Bin lorry crash family hit back at law chief
SCOTLAND’s most senior law officer has been accused of ‘defending the indefensible’ in an increasingly bitter war of words over a BBC documentary about the Glasgow bin lorry tragedy.
Lord Advocate Frank Mulholland fired off a furious memo after watching the programme, claiming it contained allegations about Crown blunders based on ‘inaccuracies and innuendo’.
These included claims that one high-ranking civil servant called the lorry’s driver ‘fat and uneducated’ in a meeting with victims’ families and that senior Crown officials decided not to prosecute driver Harry Clarke before they found out he collapsed at the wheel of a bus in 2010.
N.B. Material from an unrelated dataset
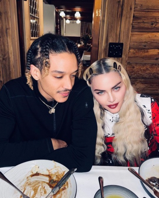 사진 속 마돈나는 스위스의 작은 마을 크슈타트에서 지인들과 즐거운 시간을 보내고 있다. 그는 알라말릭 윌리엄스(27)에 어깨에 기대거나 입맞춤을 하며 이 순간을 즐겼다.
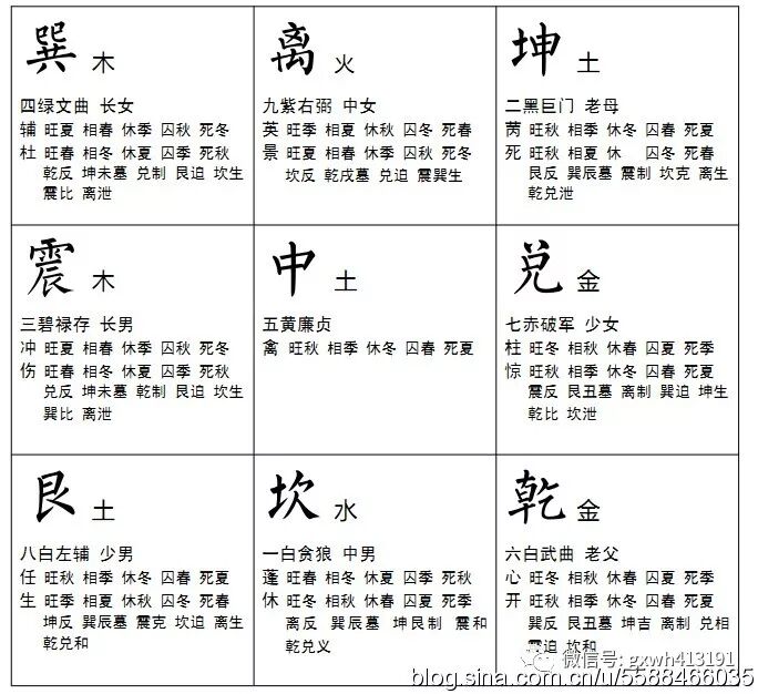 要识九星配五行,名随八卦考羲经。 坎蓬星水离英火, 中宫坤艮土为营,

Six people were killed when Mr Clarke fell unconscious while driving a council refuse truck in December last year.
In the BBC documentary Lies, Laws and the Bin Lorry Tragedy, several victims’ relatives made claims about their treatment by the Crown’s Scottish Fatalities Investigation Unit.
But Mr Mulholland circulated an angry internal memo expressing his ‘concern’ at some of the claims and insisting they were ‘simply not true’.
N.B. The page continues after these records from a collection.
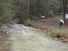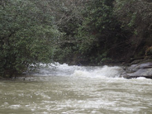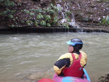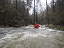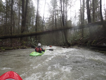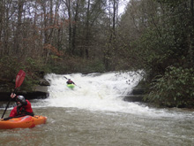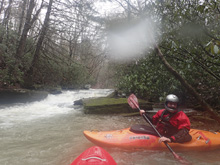 The first slide is a bit of a clapper that we ran down the right. A small ledge after that leads you to the biggest drop. This long drop is not a place to be upside down! We started left and head right down and around the corner. It is twice as long as Triple Drop on Little Clear Creek and drops at a similar gradient. Below this rapid, a few more smaller drops greet you before you are deposited into the Emory River. The Emory will be very high if this is running so you make very quick time through the half mile down to the take-out.
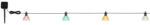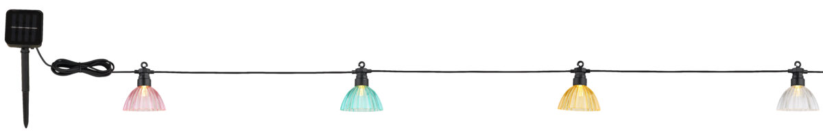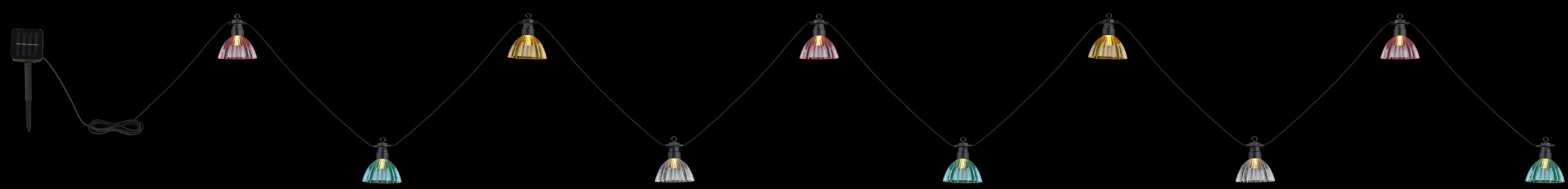 Ovaj sjajni solarni svjetlosni lanac od crne mat plastike je prekrasan dodatak vašem vrtu, terasi ili balkonu. Zahvaljujući IP44 ocjeni, ovaj niz svjetala možete bezbedno postaviti na otvorenom. Deset plastičnih svetiljki (prečnika 8,5 cm svaka) plus kabl imaju ukupnu dužinu od 3,6 m. Nijanse u ružičastoj, zelenoj, bistroj i žutoj boji imaju toplo bijelo svjetlo od 3000 Kelvina i na solarni pogon. Nizom svjetala možete upravljati pomoću prekidača pritiska na priloženom kabelu za napajanje dužine 3 m.
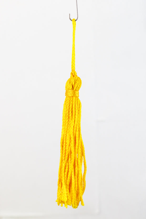 3 inch long tassel made of sunflower yellow nylon cord. Handmade in China circa 1990's.
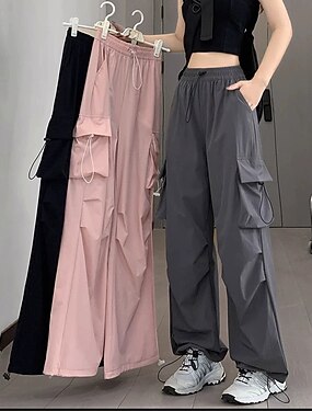 Per donna Pantaloni Cargo Pantaloni Dritto Moda Streetwear Lunghezza alla caviglia Naturale Tinta unita Tasca Confortevole Micro-elastico Sport & Outdoor Abbigliamento quotidiano Nero Rosa Verde

However, the memo was leaked and yesterday the son of one victim reacted bitterly to the Lord Advocate’s assertions, accusing him of attempting to cover up mistakes made by his team.
Adam Russell, whose mother, Jackie Morton, was among those who died, branded the comments ‘imprudent’ and ‘a distraction’ as families await the determination of a Fatal Accident Inquiry (FAI) into the tragedy.
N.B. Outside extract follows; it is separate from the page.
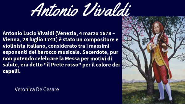 Antonio Lucio Vivaldi (Venezia, 4 marzo 1678 – Vienna, 28 luglio 1741) è stato un compositore e violinista italiano, considerato tra i massimi esponenti del barocco musicale. Sacerdote, pur non potendo celebrare la Messa per motivi di salute, era detto "il Prete rosso" per il colore dei capelli.

In a statement issued through his lawyers, Mr Russell said the Crown’s ‘continued defence of an indefensible position only undermines public confidence in them’. Mr Russell said he was adamant that when the Morton family and members of their legal team met with the SFIU in March, the senior prosecutor present told them that Mr Clarke had fainted in April 2010 while at lunch.
A six-week FAI into the tragedy heard evidence that Mr Clarke had collapsed while behind the wheel of a stationary bus while working as a driver for First Bus.
Mr Russell said: ‘[The prosecutor] made no mention of the episode happening on a stationary bus. Either the Crown Office did not have the full information when they took the decision not to prosecute in February or we were misled.’
Last night, a Crown Office spokesman insisted it had ‘repeatedly explained in public that we had all the relevant evidence before the decision was taken not to prosecute the driver of the bin lorry’.